Point is: there’s far too much to try and bite off in a single go. You’ll give yourself a stomachache, if not insulin shock, trying to pound that much sizzling goodness. Check the hubris at the gate, this isn’t about willpower, it’s about not tripping your body’s emergency evacuation switch. Plus, as a wild aside, a lot of them aren’t good. Turns out sometimes the novelty outweighs the flavor. Pick your passions, and hit them early in the day. If you’ve got room for more, maybe do a re-visit of your favorites, or squeeze in that last addition you were on the fence about.
Plan Your Path
Part of why I said tackle your food quests first isn’t just so you’ve got time to walk each item off, making room for more. It’s also because schedule coordination is unexpectedly paramount in these situations. Most state fairs will have some manner of petting zoo, for example. At the Texas one, as you might imagine, there’s quite a wide array of livestock on hand. Also: poop, because that comes part and parcel with a bunch of animals. You certainly wouldn’t want to go grab some hand-held grub right after rubbing your palms all over a wild animal in a room with open-air feces. I mean, not unless you’re late for your Chipotle shift, or insert whatever company most recently got people sick when you’re reading this.
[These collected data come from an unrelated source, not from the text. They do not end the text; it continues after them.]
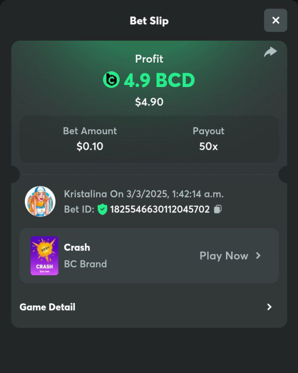 2. Easy 1. Deposit Txid: 4434113e293eb472a7b171d17fbe54cbfb34631824705869716f789ec0040181 2. Instagram: @LincesaMdq 3. Instagram Post: https://www.instagram.com/p/DHXgr4JspCP/?igsh=ZWgwenpqYXVreTF 4. Twitter: @Kristalinauwu 5. Like, retweet & tag: @Kristalinauwu https://x.com/Kristalinauwu/status/1901728054969274750 6. Follow BCGame Facebook: Gisela Gall 7. Limbo: https://bc.co/game-detail/1825513481832927011 8. Sports bet: Ticket ID: 2513820866270339253 9. Arabian Secret: https://bc.co/game-detail/1825439374915515681 10. Sugar Fiesta 1000: https://bc.co/game-detail/1825441146495751971 11. 2FA activated: Medium 1. Deposit TxID: 4d707ead402ff5771e270374a5fc42f5798fdc6bd13d6bf975996a5316cb53ff TxID: 39d9776a52287c2bdc8bea45c1a751ae618ef4976ed8907766ce39ac0603937f 2. Crash: https://bc.co/game-detail/1825546630112045702 3. Plinko: https://bc.co/game-detail/1825430753182757665 4. Roulette: https://bc.co/game-detail/1825527742035924514 5. Starshine Princess 1000: https://bc.co/game-detail/1825598330617384993 6. Stellar Rush: https://bc.co/game-detail/1825601183186807841 7. Keno: https://bc.co/game-detail/1825612623614982433 8: Poker Ways: https://bc.co/game-detail/1825547398747784483 9. Wukong: https://bc.co/game-detail/1825595350268898850 10. Lottery and Porsche tickets: 11. Sports bet Combo Ticket ID: 2512055034057994476 Hard 1. Wheel: https://bc.co/game-detail/1825529693239491107 2. Crash: https://bc.co/game-detail/1825774085023770502 3. CoinFlip: https://bc.online/game-detail/1825620056214876707 4. Stellar Rush: https://bc.co/game-detail/1826242186137422626 5. Plinko: https://bc.co/game-detail/1825459660201698850 6. Limbo: https://bc.online/game-detail/1826864347105905955 7. Hashdice: https://bc.online/game-detail/1826862839661034018 8. Sea of Olympus 1000: https://bc.co/game-detail/1825539068560977186 9. Gold of Olympus: https://bc.online/game-detail/1826344599486243619 10. Duck Hunter: https://bc.co/game-detail/1825605420251285539 11. Sports bet combo Ticket ID: 2513187573116055908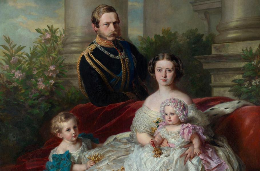 Pruský princ Fridrich s manželkou a dvěma staršími dětmi, princem Vilémem a princeznou Šarlotou. Portrét od Franze Xavera Winterhaltera, 1862. (ilustrace: Wikimedia Commons, PDM 1.0)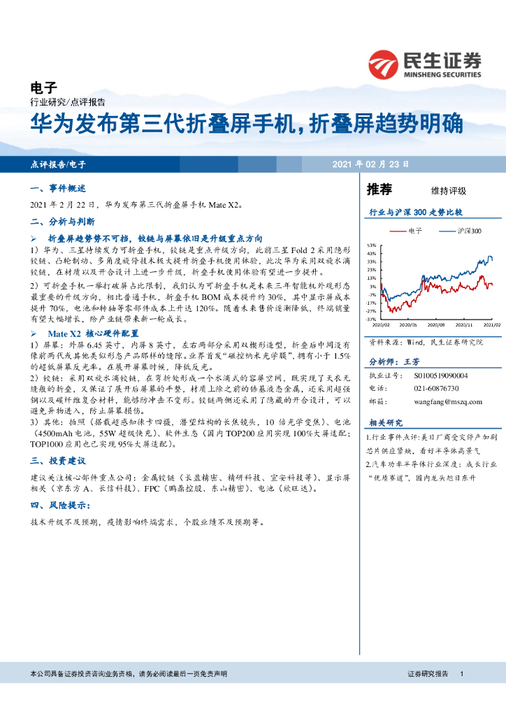 民生证券:电子行业研究:华为发布第三代折叠屏手机,折叠屏趋势明确.pdf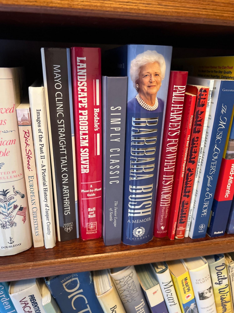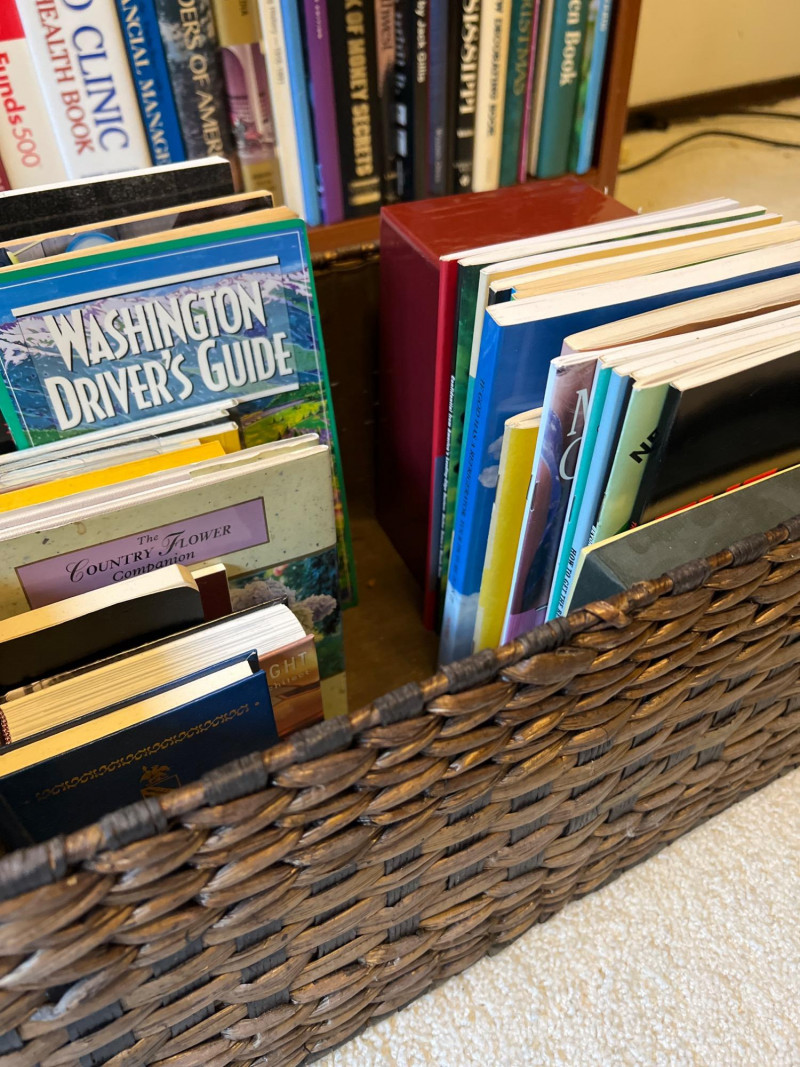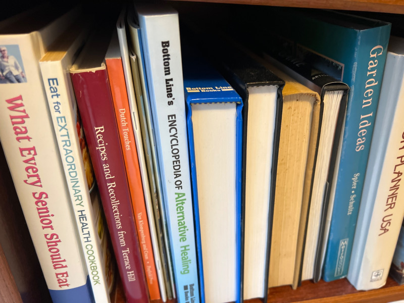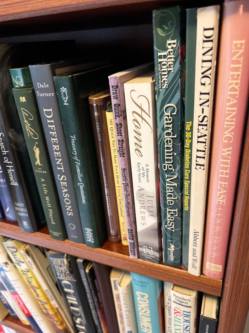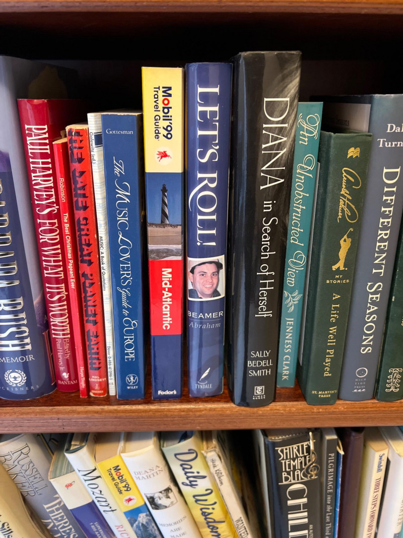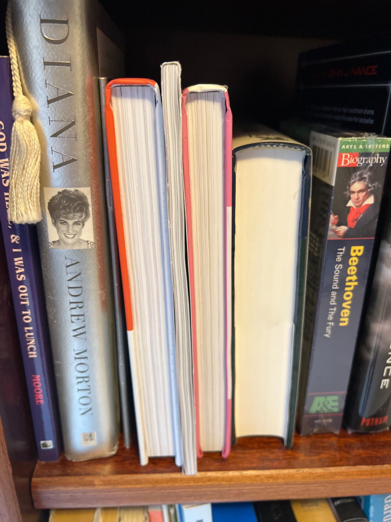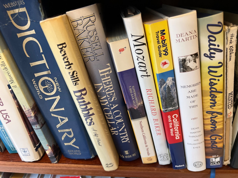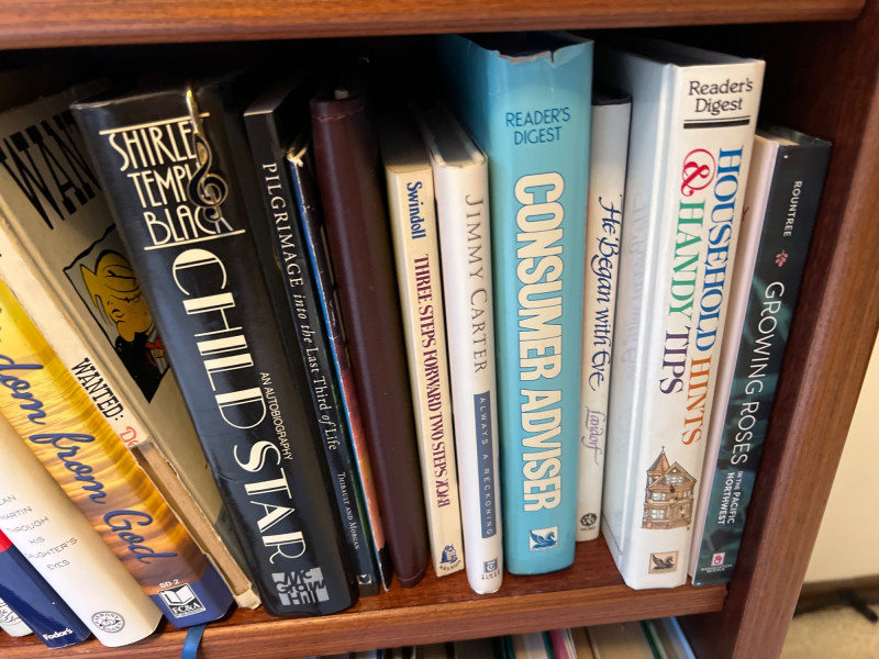 Excellently finished wood bookcase with three shelves filled with various books. See pictures for titles.

Keep in mind what you want to do, and what would be bad to follow things up with. If yours is one of the lucky fairs with actually powerful rides, hit that shit early or late, not mid-food-binge. Shows are best saved for the more crowded times, because all the seats are bad so there’s no reason to waste prime time on your butt. Any attraction with lots of touching or interaction, be gracious and maybe hit those before you coat your hands in animal poop. And keep some hand sanitizer on you, because not everyone will have followed such basic rules of society.
Brace Yourself
We’ve tackled state fairs about as logistically and seriously as possible, which leaves the more intangible element. A fair happens during the day, in a season when it’s meant to be still warm, and is usually scorching in Texas. Add on that they sell alcohol in very large cups, which it’s easier to pound through with the burning sun overhead, and the stress of crowds, travel, not to mention inflated prices for every single item, and sometimes people can get… let’s call it overwhelmed.
A state fair, at least in my region, is synonymous with seeing some sort of shitshow. Sometimes it’s a couple having a full on screaming fight in the middle of a snow-cone line. Sometimes it’s an intoxicated patron who decides they’re going to challenge that big ass statue to a fight, and they don’t care what security thinks. Occasionally it’s a whole family affair, kids sprinting past with some sort of inflatable display stolen from a booth, being chased by apologetic parents and angry owners.
You never really know what to expect, which is part of a state fair’s charm, in a way. It’s a ton of people, fried food, booze, and noise all crammed into a space that’s too small and heated up rapidly. Really no surprise we end up seeing so many unexpected reactions in an equation like that. But keep your head on straight, stick to the game plan, and maybe you can get away with only drunkenly sobbing into a corndog.
For a day at the state fair, that’s considered victory.